Sit 50–70 cm from the screen, face roughly centred in the camera frame
For corner dots, move your eyes only — small head movement is fine
If a dot stays amber, blink once to reset then re-fixate
Recalibrate any time via the Calibrate tab or voice command "calibrate"

Snap-To Engine

Snap-To is an optional cursor-assist layer that pulls the gaze cursor toward the nearest interactive element when you look close enough.

Three modules:

Module	Role
`TargetPredictor`	Scores candidates by distance, size, element type, and interaction history
`AdaptiveGazeLearner`	Builds a per-user profile from every dwell event; auto-tunes snap distance, dwell time, smoothing, and prediction weight
`SnapToEngine`	Smooth-interpolates cursor to winning target; emits snap/release events

Controls (Live Demo → Snap-To panel):

On/Off toggle
Auto-dwell toggle
Snap threshold distance (px)
Dwell time (ms)
Cursor smoothing (%)
Prediction weight (%)

Voice Navigation

Voice navigation runs via the Web Speech API (Chrome/Edge). Enable it with the microphone toggle in the Phase 2 panel.

How it works:

Utterance is transcribed
Raw lowercase text is checked against multi-word ACTION_COMMANDS first (longest match wins)
Tokenised words are checked for single-word action commands
Embedded action + element combos are tried ("click home", "open demo")
Named element matching against the live DOM scan
If nothing matches — "No match" status displayed

Command categories:

Category	Example commands
Discovery	"show clickable items", "hide clickable", "what can i click"
Focus	"focus on [name]", "next item", "previous item"
Navigation	"home", "demo", "architecture", "docs", "studio"
Mode	"calibrate", "gaze mode", "mouse mode"
Camera	"start camera", "restart", "stop"
Scrolling	"scroll up", "scroll down", "scroll to top", "stop scrolling"
Zoom	"zoom in", "zoom out", "reset zoom"
Interaction	"click", "press", "double click", "right click"
Control recovery	"pause control", "resume control", "reset cursor", "exit mode"
Editing	"select all", "copy", "paste", "cut", "focus search"
Voice control	"pause voice", "resume voice"
Media	"play", "pause", "stop"

"Show Clickable Items" highlights every interactive element with a numbered cyan badge and outline ring. Auto-clears after 8 seconds or on "hide clickable items".

Gesture Studio

Facial gesture control, accessible from the Gesture Studio tab.

Built-in gestures:

Gesture	Action
Lip-tap (open-close-open mouth quickly)	Scroll up
Tongue-out (hold)	Scroll down continuously
Smile (stretch ≥ 38% of face width)	Configurable
Blow	Configurable

Custom gestures:

Click New Gesture in Gesture Studio
Name it and assign an action (click, scroll, navigate, run custom script, etc.)
Click Record — hold your chosen face position for 2–4 seconds
The profile is saved to localStorage and fires in real-time

Actions available for custom gestures: click focused element, scroll up/down, navigate to page, open settings, run arbitrary JavaScript.

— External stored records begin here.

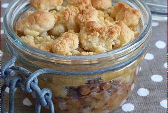 Dans un ramequin allant au four, déposez deux à trois cuillères à soupe de lentilles, recouvrez ensuite de pâte à crumble.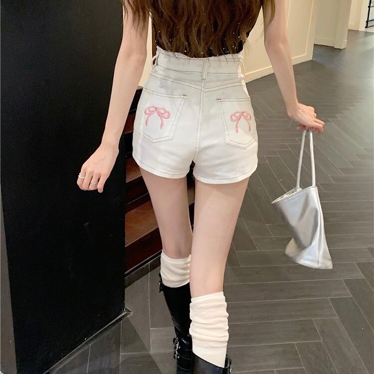 全3色バックリボンデニムショートパンツ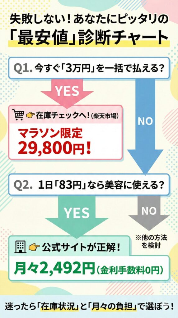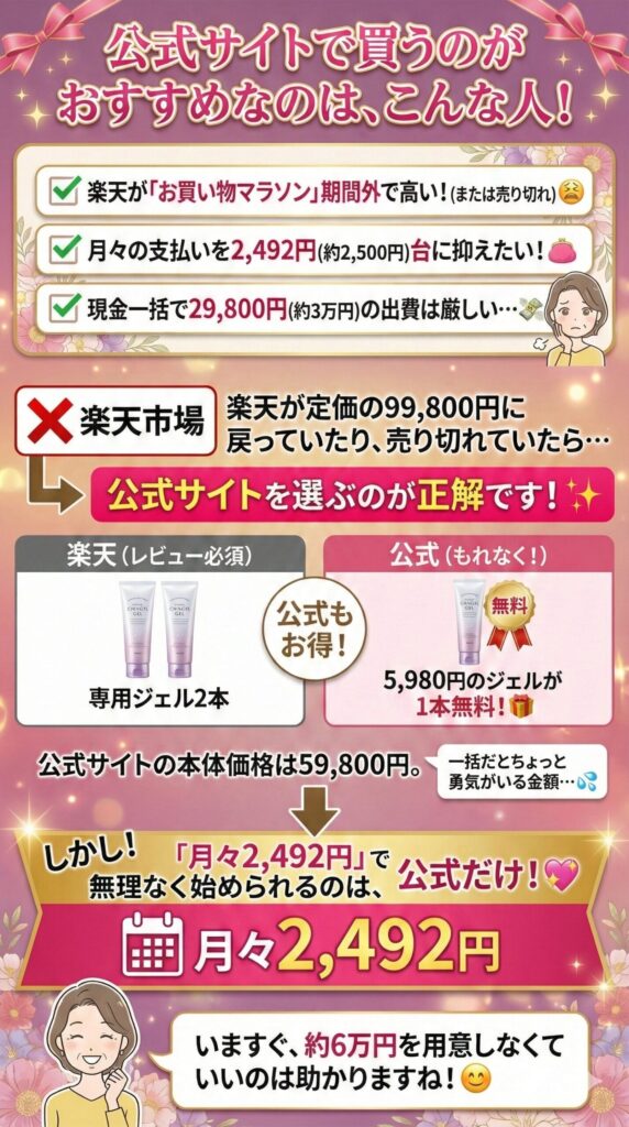 無理なく手に入れるなら、月々2,492円の分割払いで負担が一番少ない公式サイトがおすすめです。

Accessibility Control Mode (ACM)

ACM is a WCAG 2.1 AA/AAA + ADA Title III + Section 508 compliance layer that sits entirely on top of the gaze pipeline without modifying it.

Enable: ACM toggle button in the Phase 2 panel.

Features:

Gaze-dwell focus loop (10 fps — CPU-lightweight)
Skip-navigation link (WCAG 2.4.1)
Screen-reader live region announcements (WCAG 4.1.3)
Focus outlines and ARIA role support
Voice command integration (speaks element labels aloud)
Keyboard Tab/Enter/Space event tracking
Dwell time control (300–2000 ms slider)
Real-time stat counters: gaze, voice, keyboard, intent events
CSV export — timestamped log of every interaction
PDF export — same log formatted for reporting/compliance

Accuracy Engine (v3)

Four additive post-processing patches applied after CalibrationEngine.mapGaze, before the cursor pixel position is written:

Module	What it does
GazeGainRemapper (ACC.3)	Power-law remap (γ=0.70) expands centre region ~18%, compresses edges; shrinks centre dead-zone from ~20% → ~8% of screen
CenterGravity (ACC.4)	Gentle 0.8%/frame return pull when cursor is idle at screen edge
GravitySnapEngine (ACC.1)	Gravity-model attractor (Grossman & Balakrishnan 2005) — 25–40% mis-selection reduction vs distance-only snap
PerSessionDriftCorrector (ACC.2)	Watches 50-fixation sliding window; infers and corrects systematic drift up to ±2.5% screen over ~60 s

Dynamic Calibration (Micro-Recalibration)

The DynamicCalibrationEngine (Phase 2) continuously refines the calibration model during normal use — no explicit recalibration step needed.

Two mechanisms:

Interaction-triggered (click-based): Every time a UI element is activated by dwell or gesture, the current raw iris position is recorded as a micro-sample paired with the known screen target. Weight-decay (0.995/frame, PACE-style) ages old samples out. The polynomial model is rebuilt and the bias is recalculated.
Passive drift EMA: A slow EMA bias correction (clamped to ±12% of screen) is applied every frame during stable fixations, independently of explicit interactions.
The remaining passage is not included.